What is harmful content protection?

Harmful content protection is a built-in safeguard for Copilot Chat and agentic experiences. It filters out content related to:

  • Sexual material
  • Violence
  • Hate speech
  • Fairness concerns
  • Self-harm

Harmful content protection helps ensure that Copilot responses remain safe and appropriate for general use.

The new harmful content protection toggle allows you to turn off this protection within a conversation in Copilot Chat and Microsoft agents. This feature allows you to summarize or analyze sensitive or potentially offensive information as part of your workflow.

By default, the harmful content protection toggle is turned on in each new conversation in Copilot Chat and agentic experiences.
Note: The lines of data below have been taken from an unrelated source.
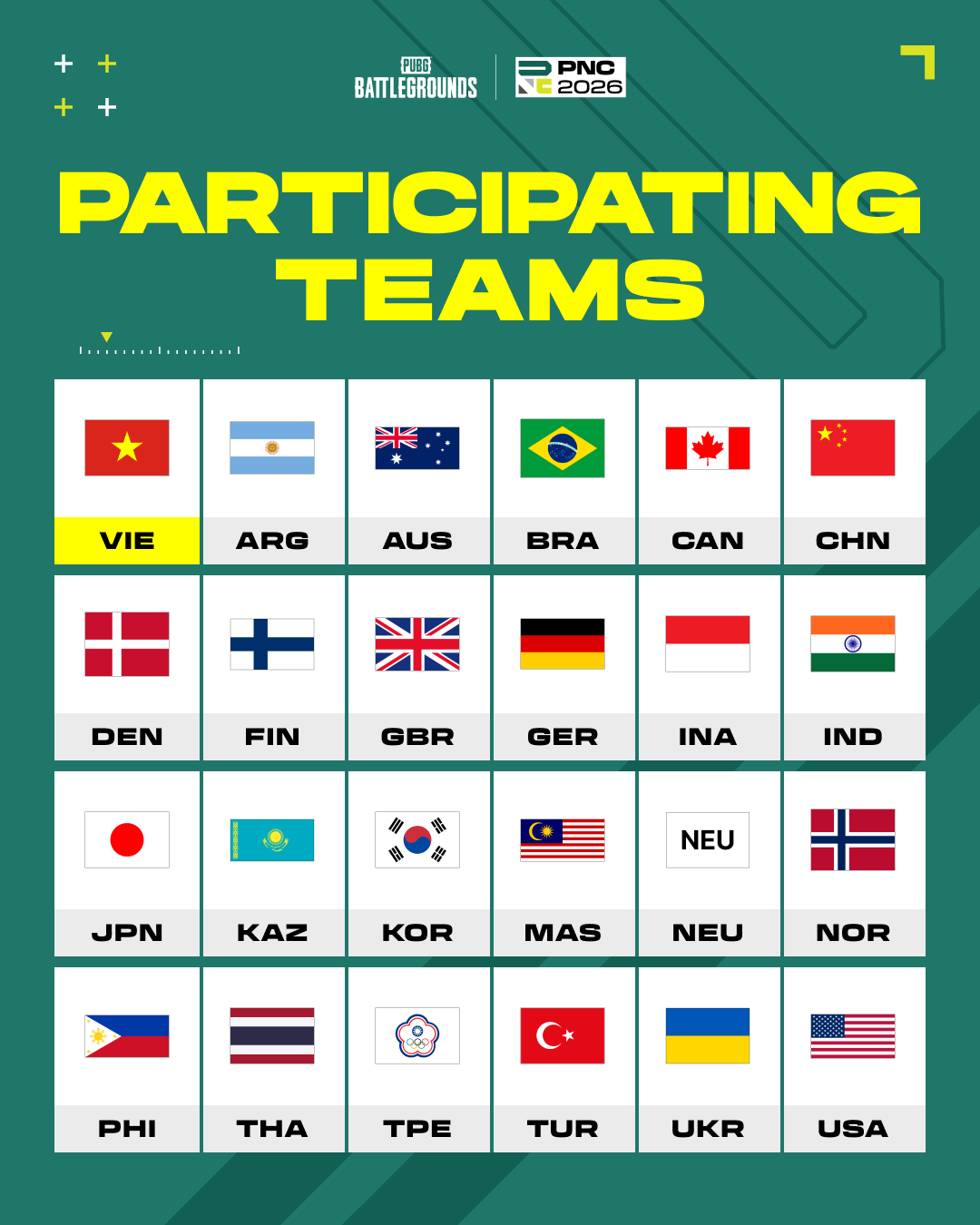 Hello, PUBG Esports Fans!The PUBG Nations Cup 2026 (PNC 2026) is returning to Seoul, South Korea, this summer!24 teams will once again battle across five days of intense competition. With new challenger teams joining the fray, this year's PNC will feature the most diverse lineup in the tournament's history. Get ready for the ultimate all-star showdown in PUBG Esports — PUBG Nations Cup 2026!When and Where?PNC 2026 will take place from June 23 to June 28, with the Grand Finals held at Jangchung Arena in Seoul — returning to the venue for the first time in seven years since 2019!Survival Stage: June 23 – 24Grand Finals: June 26 – 28PNC 2026 Participating Teams24 teams will compete in this year's tournament.Defending Champion: VietnamArgentina, Australia, Brazil, Canada, China, Chinese Taipei, Denmark, Finland, Germany, India, Indonesia, Japan, Kazakhstan, Malaysia, Neutral Team, Norway, Philippines, South Korea, Thailand, Türkiye, Ukraine, United Kingdom, United States of AmericaNew Challengers Join the Stage!Kazakhstan and Ukraine will make their PUBG Nations Cup debut at PNC 2026! Finland also makes a long-awaited return, last competing at PNC 2022. With new rosters and fresh storylines entering the mix, we can't wait to see how they'll stack up against the established powerhouses!More details on PNC 2026 — including team rosters, ticket sales, and broadcast information — will be announced through the official PUBG Esports website in the coming weeks. We look forward to seeing you at PUBG Nations Cup 2026!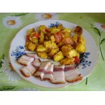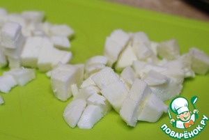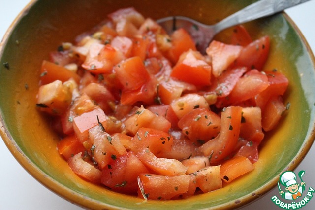 • Помидоры нарезать небольшими кубиками, приправить солью, перцем, сушеной мятой и растительным маслом (1 ст. л.), перемешать.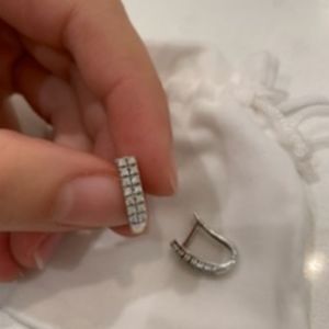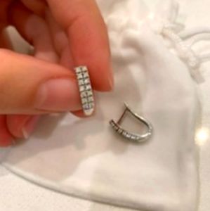 Silver plated earrings with rhinestones. These beautiful earings are the compliment to any outfit! The last picture shows that one of the earings are missing 2 little stones which does not really show when you are wearing them. The price reflects the damage.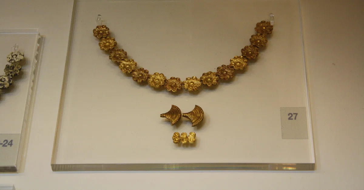 Cartwright, M. (2012, April 26). Mycenaean Gold Jewellery Pieces. World History Encyclopedia. https://www.worldhistory.org/image/479/mycenaean-gold-jewellery-pieces/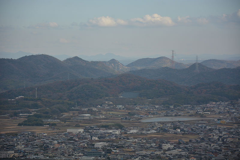 ▲東から見た高御位山と小高御位山(左端の送電塔は姫路火力東線37番)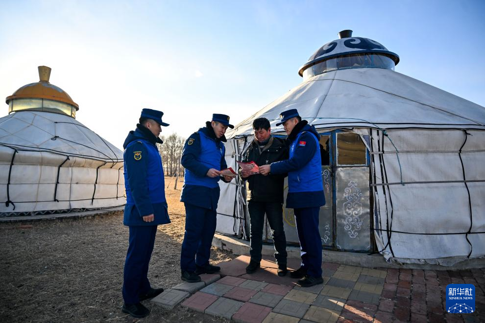 3月18日,西乌珠穆沁旗消防救援大队消防指战员向牧民乌力吉达来(右二)宣传消防安全知识。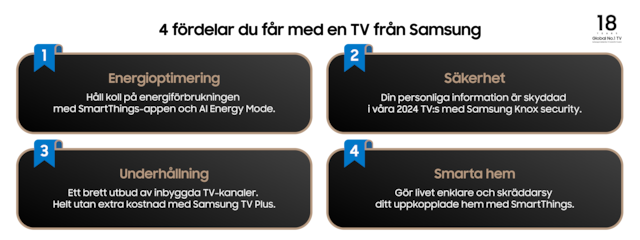 *Gäller vid köp av utvalda 2024 Samsung TV hos utvalda återförsäljare. Garantin är giltig i 10 år från köpdatum. Kräver en kopia på inköpskvitto samt registrering på Samsungs hemsida inom 90 dagar efter köp. Gäller köp av utvalda 2024 års TV-modeller till och med 31 Mars 2025. www.samsung.com/se/offer/offline/screen-burn-warranty/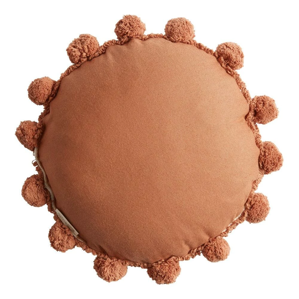 This rust-colored pom-pom accent pillow is a playful addition to your stylish home decor. The warm, rich tone will make any room feel instantly cozy and is neutral enough to mix and match. With nubby tufting on the front, fluffy pom-pom trim and a solid canvas back, this round toss pillow is a textural treat for your living space.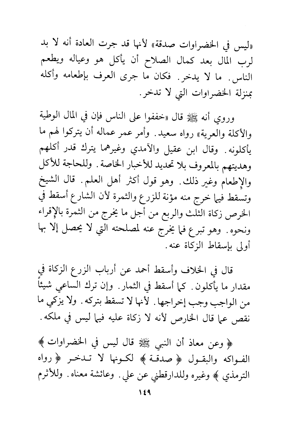 وروي أنه - صلى الله عليه وسلم - قال: "خففوا على الناس فإن في المال الوطية والأكلة والعربة" رواه سعيد. وأمر عمر عماله أن يتركوا لهم ما يأكلونه. وقال ابن عقيل والآمدي وغيرهما يترك قدر أكلهم وهديتهم بالمعروف بلا تحديد للأخبار الخاصة. وللحاجة للأكل والإطعام وغير ذلك. وهو قول أكثر أهل العلم. قال الشيخ وتسقط فيما خرج منه مؤنة للزرع والثمرة لأن الشارع أسقط في الخرص زكاة الثلث والربع من أجل ما يخرج من الثمرة بالإقراء ونحوه. وهو تبرع فما يخرج عنه لمصلحته التي لا يحصل إلا بها أولى بإسقاط الزكاة عنه.

If you need to turn it off, you can turn it off for a conversation.

How do I turn off harmful content protection?

  1. In your Copilot Chat or agent window, select the More menu, and look for the Harmful content protection toggle, as shown in the following screenshot:

    Screenshot sohwing the Harmful content protection toggle in Microsoft 365 Copilot Chat

  2. Toggle Harmful content protection to Off to turn it off for the remainder of your conversation.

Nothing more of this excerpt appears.